死別以外ないと思ってたのにいざそうなったら辛いだとか、リューゲルの誕生に合わせての発刊は鬼畜だとか。
しかし、推し語りとは不思議なもので話は色々な場面に飛び火しながらも、最終的には「リューゲルは父の姿を胸に刻み、これからさらなる成長を遂げることでしょう」という事しか話していなかったりする。
●キャラ萌えができる人は沼の住民だってお母さんが言ってた
「私はジョージ=レオンハルトという人物の連れている球猫という生物がもう、なんというか凄い好きだな。」
みてくれ。とゲオルグが開いたページをのぞき込むと、筋骨隆々とした銀髪のイケオジに絡みつくまんまるボディのにゃんこのイラストがあった。否、まんまるボディというか、もう毛玉にちょこんとあんよがついてるだけなんじゃない? あら、この真ん丸なきらきらした可愛いのはなぁに? 宝石? まぁ、おめめなのぉ! かわいいわねぇ~!

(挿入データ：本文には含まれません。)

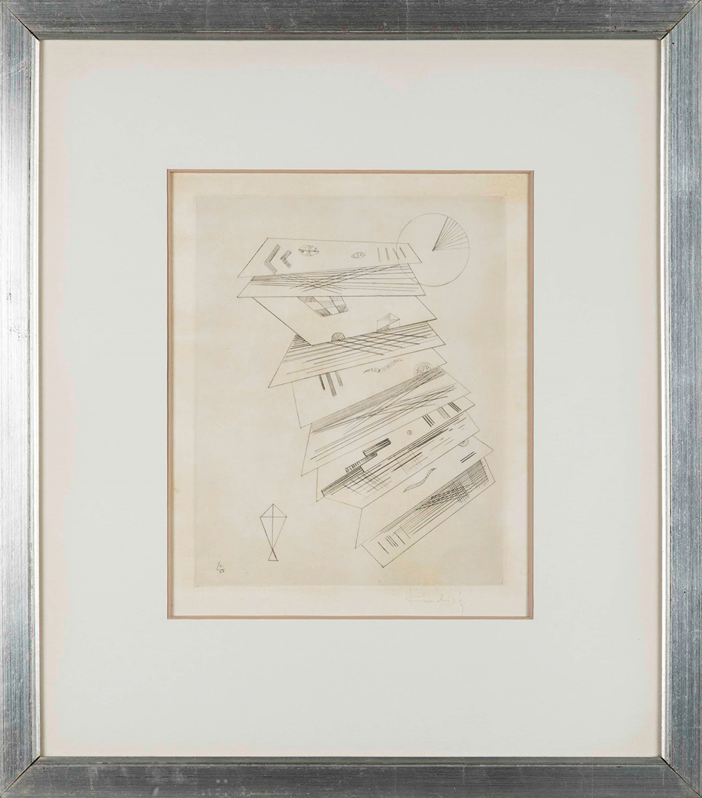 Vasilij Kandinskij (1866-1944) Zweite Radierung Fur Editions Cahiers D'Art, 1932 litografia su carta, cm 33,5x27 firmata in basso a destra datata e siglata in basso a sinistra l'opera presenta ingiallimento della carta e alcune tracce di foxing Vasilij Kandinskij (1866-1944), Zweite Radierung Fur Editions Cahiers D'Art, 1932 litography on paper, cm 33,5x27 signed lower right dated and signed lower left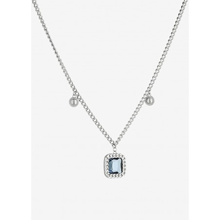 Collana in acciaio con pendente quadrato con pietra celeste + 2 pendenti piccoli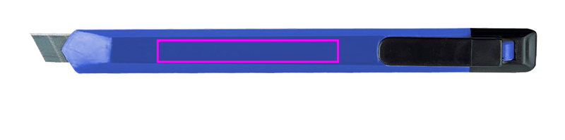 Tällä leikkurilla on samat toiminnot kuin tuotteella 9001, mutta se on pienempi ja voit rikkoa terän jopa 12 kertaa. Nämä leikkurit ovat todella kaikkien käytössä, olipa se sitten kotona tai töissä. Logosi tunnistetaan tuhat kertaa. Painatus leikkurin takana.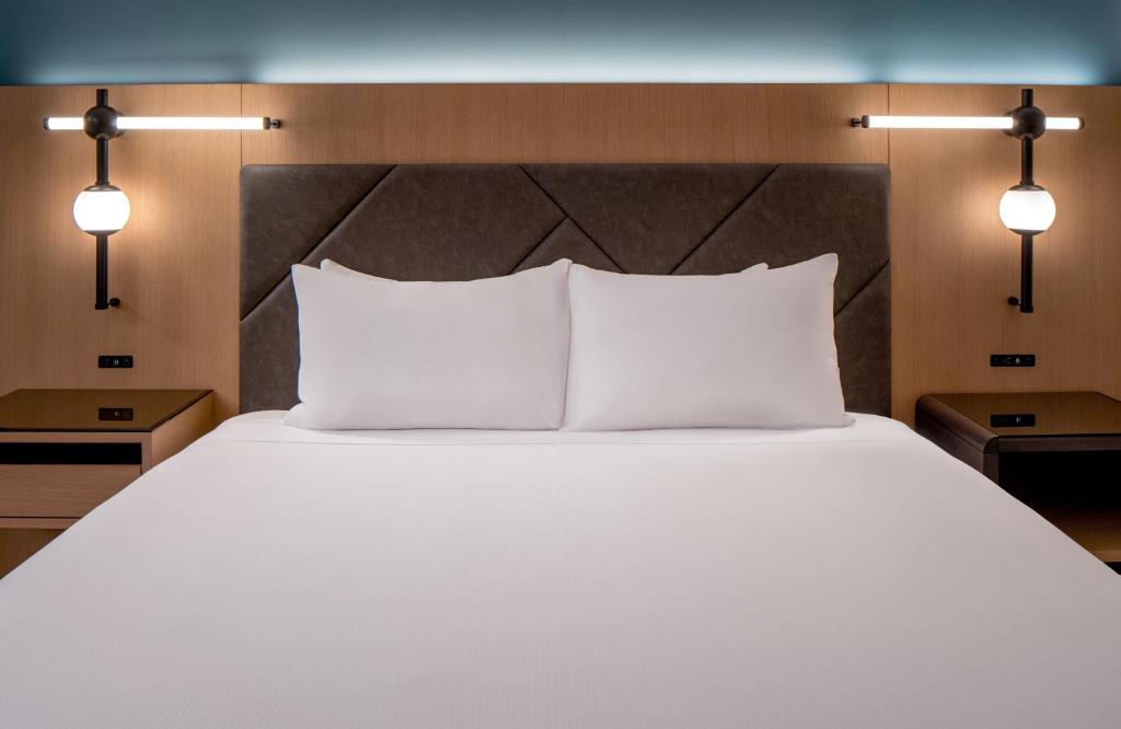 A flat-screen TV, an iPod docking station and luxury bath amenities are standard in every spacious guest room at the San Francisco Hyatt Regency. Rooms are styled in modern dark wood furnishings, steel fixtures and plush white linens.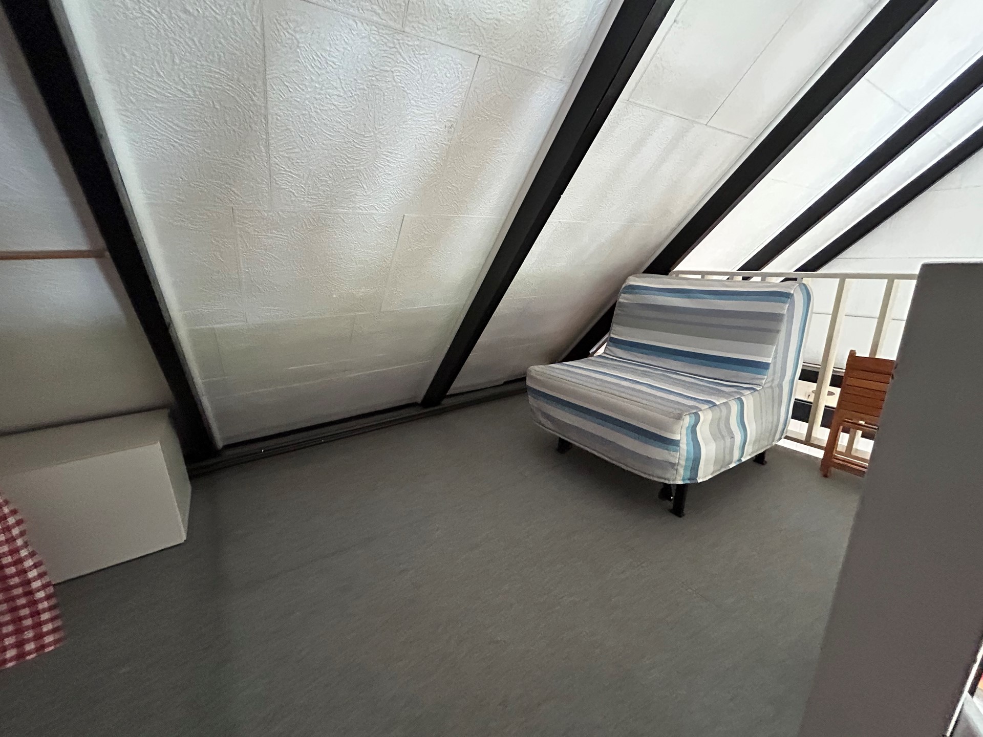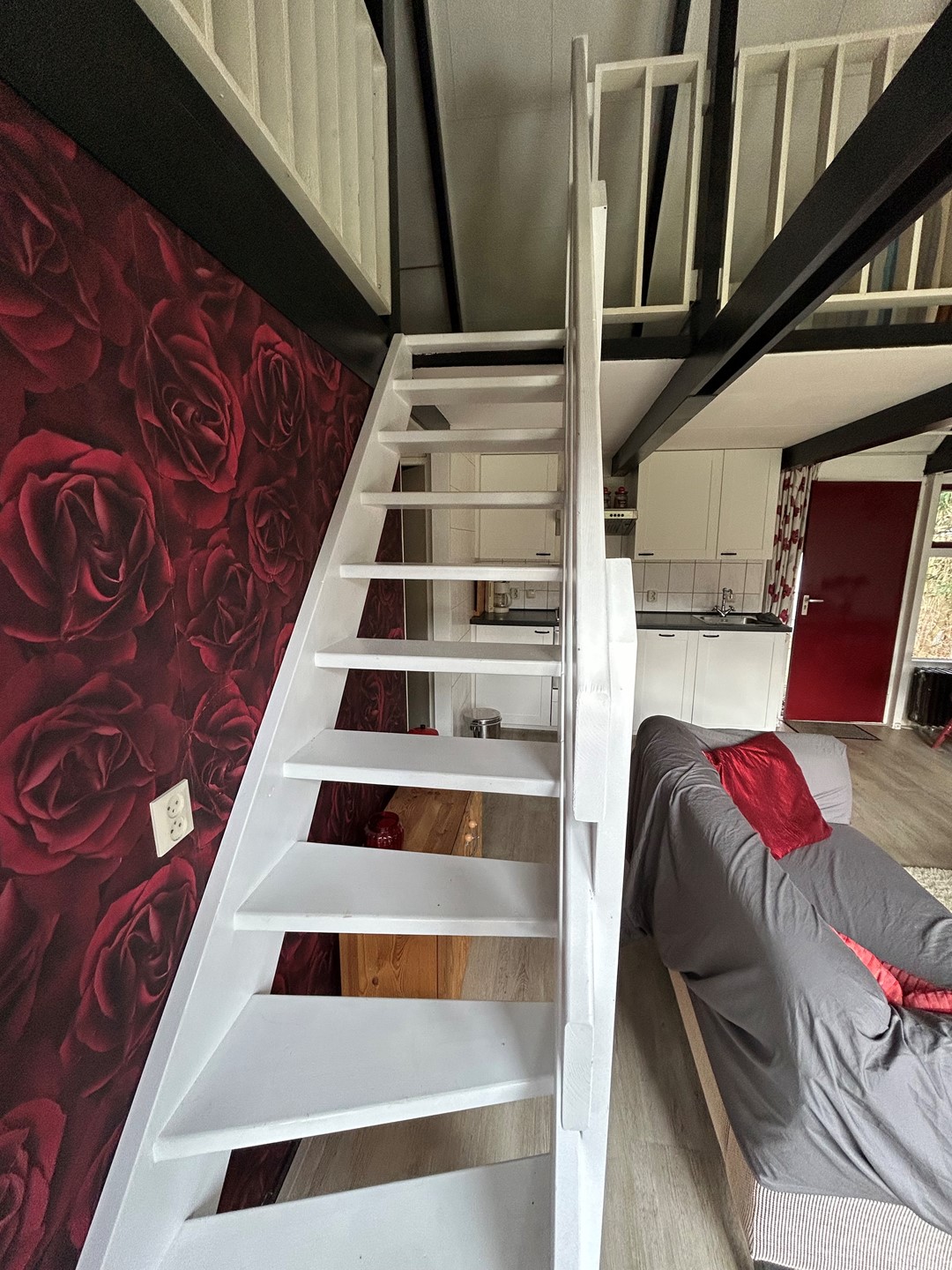 Overloop 2,40 x 0,95 met vloerbedekking.
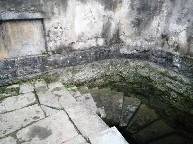 除了有古老的民居,还有好几个老井。比如比较有名的叫太极井。我们继续往前走,就看到了这口井,村里的一位70多岁的老人告诉我,因为这里有十二级阶梯螺旋而下,看起来很像螺蛳,这个井又叫螺蛳井。这口井始建于清乾隆十二年(1747年),清嘉庆十一年(1806年)重建。清嘉庆二十一年(1816年)在此井内竖立了一块《修太极井碑记》,现在看,字迹还清晰可认。老人说,这口井的水现在是用来洗衣服了。
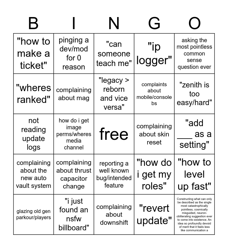 This bingo card has a free space and 24 words: complaining about thrust capacitor change, "i just found an nsfw billboard", "legacy > reborn and vice versa", glazing old gen parkour/players, asking the most pointless common sense question ever, "how to make a ticket", "wheres ranked", pinging a dev/mod for 0 reason, complaining about skin reset, reporting a well known bug/intended feature, complaints about mobile/console bs, not reading update logs, "how do i get my roles", "how to level up fast", complaining about mag, "revert update", "add ___ as a setting", "can someone teach me", "zenith is too easy/hard", how do i get image perms/wheres media channel, Constructing what can only be described as the single most catastrophically pointless, cosmically misguided, neuron-obliterating suggestion ever to come into existence. An idea so profoundly devoid of merit that it feels less like communication a, complaining about the new auto vault system, "ip logger" and complaining about downshift.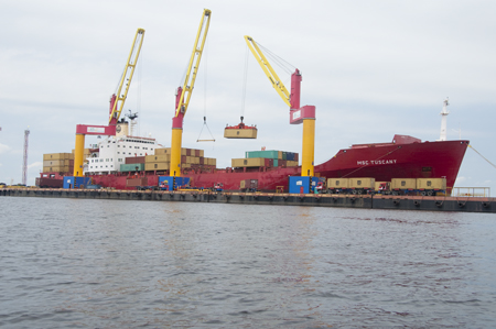 The two existing container terminals, Chibatão and Super Terminals, located next to each other on the Rio Negro, currently handle about 350,000 TEU per year. Plans are in the offing for dramatic increases in the Port’s capacity. With river heights ranging up and down by about 14-meters over the year all terminals are floating and connected to the land by huge ramps. On August 22, 2011 there were four ocean going ships in port with one at anchor in the river and three working cargo at the two floating container ports.

「このやわらかまんまるフォルムでわがままふわもこモッチリマシュマロボディは反則だと思う。球猫のことを言い換えるなら、穢れなき天より舞い降りた無垢にして聖なる存在……。
そう、即ち天使!」
一点の曇りもない瞳であった。同席していた少女達が思わず「成程」と頷ずいてしまいそうになるような圧もあった。
「いや、実は私も球猫に似たにゃんたまというふわもこアニマルと生活しているわけだが、こうやって改めて見ると可愛さを思い知らされるな」
いそいそと座りなおしながら顔をほころばせるゲオルグ。頭の中ではきっと球猫とのらぶらぶな日々を描いているに違いない。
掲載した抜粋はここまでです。